(Source records)
/---

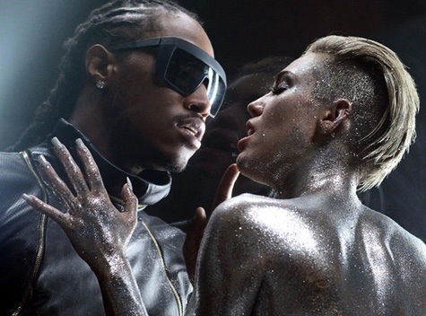 On apprend que Miley Cyrus passe son temps à se déshabiller et à jouer une allien, couverte d’une peinture métallique, pendant que Future et Mr Hudson portaient des ensembles d’astronautes.
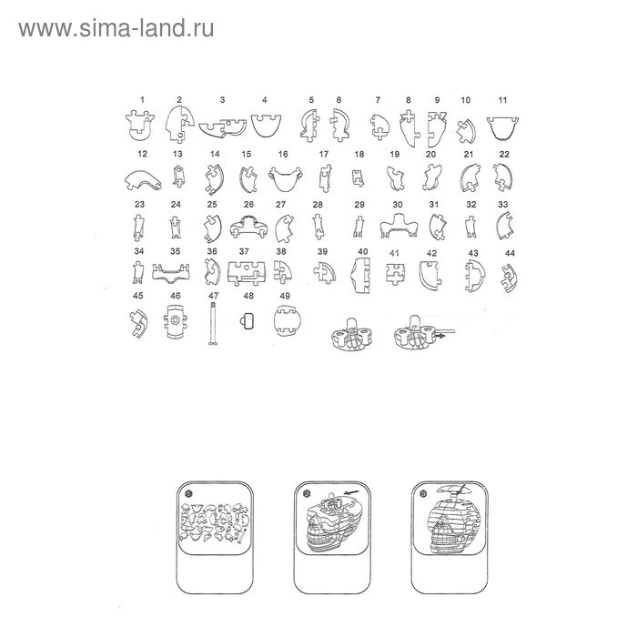 3D пазл кристаллический «Череп, 49 деталей, световые эффекты, работает от батареек
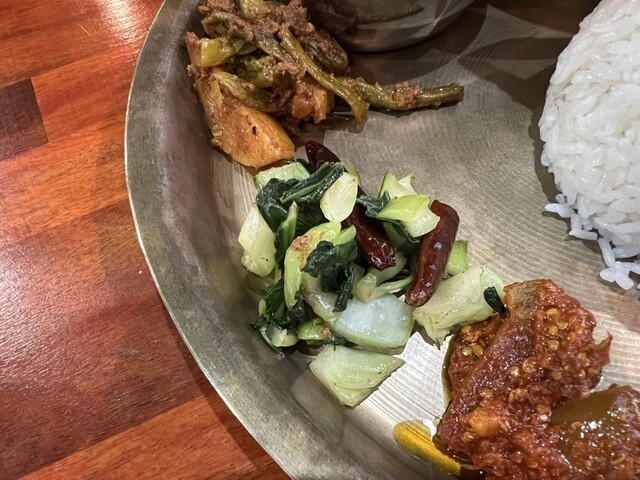 ジャガイモとインゲンとナスが使われたタルカリで、カレーに混じって肉味噌っぽい味がして、どこか中華風だったわ!
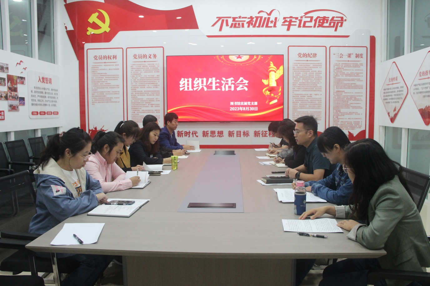 2023年8月30日上午,根据学校党委要求,图书馆直属党支部在党员之家召开了学习贯彻习近平新时代中国特色社会主义思想专题组织生活会。会议由党支部书记、副馆长张红岩主持,党支部全体党员参加会议。
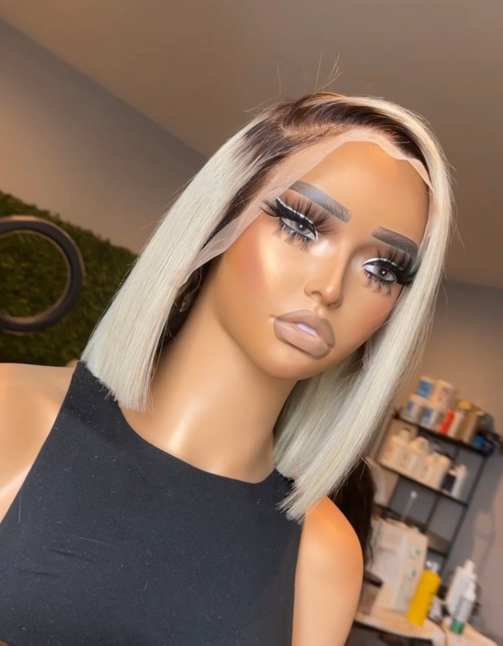 The Delaine is a pre-made 12in ice Blonde 6x6 Lace closure unit with a medium brown root. She can be worn as a side or middle part! Adjustable cap with a band and combs
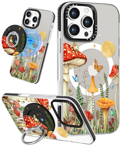 Kokaade for iPhone 16 Pro Max Case for Women Girls - Cute Kawaii Mushroom Butterfly Design Compatible with Magsafe for Magnetic Ring Holder Stand Phone Cover Girly TPU Funda for iPhone 16 Promax
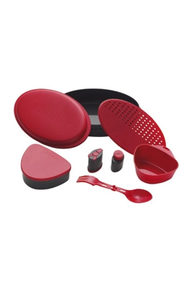 Two deep plates, a spice jar with three compartments, a small container that can be used for oil or washing-up liquid, storage container with tight-fitting lid, an outdoor cup, folding spork and an all-in-one cutting board, colander, grater and knife.
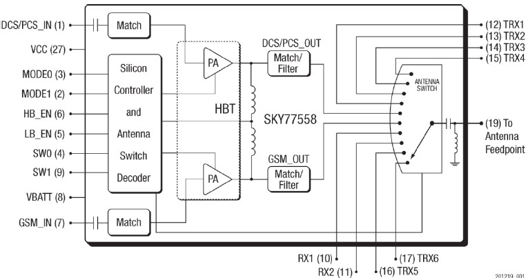 The SKY77558 is a transmit and receive Front End Module (FEM) designed in a very low profile (0.9 mm), compact form factor for quad-band cellular handsets comprising GSM850/900, DCS1800, and PCS1900 operation — a complete transmit VCO-to-Antenna and Antenna-toreceive SAW filter solution. The FEM also supports Class 12 General Packet Radio Service (GPRS) multi-slot operation and EDGE Polar Modulation. WCDMA switch-through support is provided by four dedicated high-linearity ports. The module consists of a GSM850/900 PA and DCS1800/PCS1900 PA block, impedancematching circuitry for 50 Ω input and output impedances, Tx harmonic filtering, high linearitylow insertion loss switches, and a CMOS Power Amplifier Control (PAC) block. A custom silicon integrated circuit contains decoder circuitry to control the RF switch while providing a low current external control interface. An integrated temperature sensor provides an analog voltage based on the temperature of the module. Fabricated in InGaP/GaAs, the Heterojunction Bipolar Transistor (HBT) PA blocks support the GSM850/900 bands and DCS1800/PCS1900 bands. Both PA blocks share common power supply pads to distribute current. The output of the PA block and the outputs to the seven receive pads connect to the antenna pad through a highly linear antenna switch. The WCDMA and Rx ports feature a 0 volts DC offset level, which eliminates any need for external blocking capacitors. The InGaP/GaAs die, switch die, Silicon (Si) controller die, and passive components are mounted on a multi-layer laminate substrate and the entire assembly is encapsulated with plastic overmold.

\---

** Exercise directions **
How would the lines above read from the one with "ジャガイモとインゲンとナスが" to the one with "Two deep plates, a", inclusive, with no pictures? Write them out exactly.

** Answer space **
 ジャガイモとインゲンとナスが使われたタルカリで、カレーに混じって肉味噌っぽい味がして、どこか中華風だったわ!
 2023年8月30日上午,根据学校党委要求,图书馆直属党支部在党员之家召开了学习贯彻习近平新时代中国特色社会主义思想专题组织生活会。会议由党支部书记、副馆长张红岩主持,党支部全体党员参加会议。
 The Delaine is a pre-made 12in ice Blonde 6x6 Lace closure unit with a medium brown root. She can be worn as a side or middle part! Adjustable cap with a band and combs
 Kokaade for iPhone 16 Pro Max Case for Women Girls - Cute Kawaii Mushroom Butterfly Design Compatible with Magsafe for Magnetic Ring Holder Stand Phone Cover Girly TPU Funda for iPhone 16 Promax
 Two deep plates, a spice jar with three compartments, a small container that can be used for oil or washing-up liquid, storage container with tight-fitting lid, an outdoor cup, folding spork and an all-in-one cutting board, colander, grater and knife.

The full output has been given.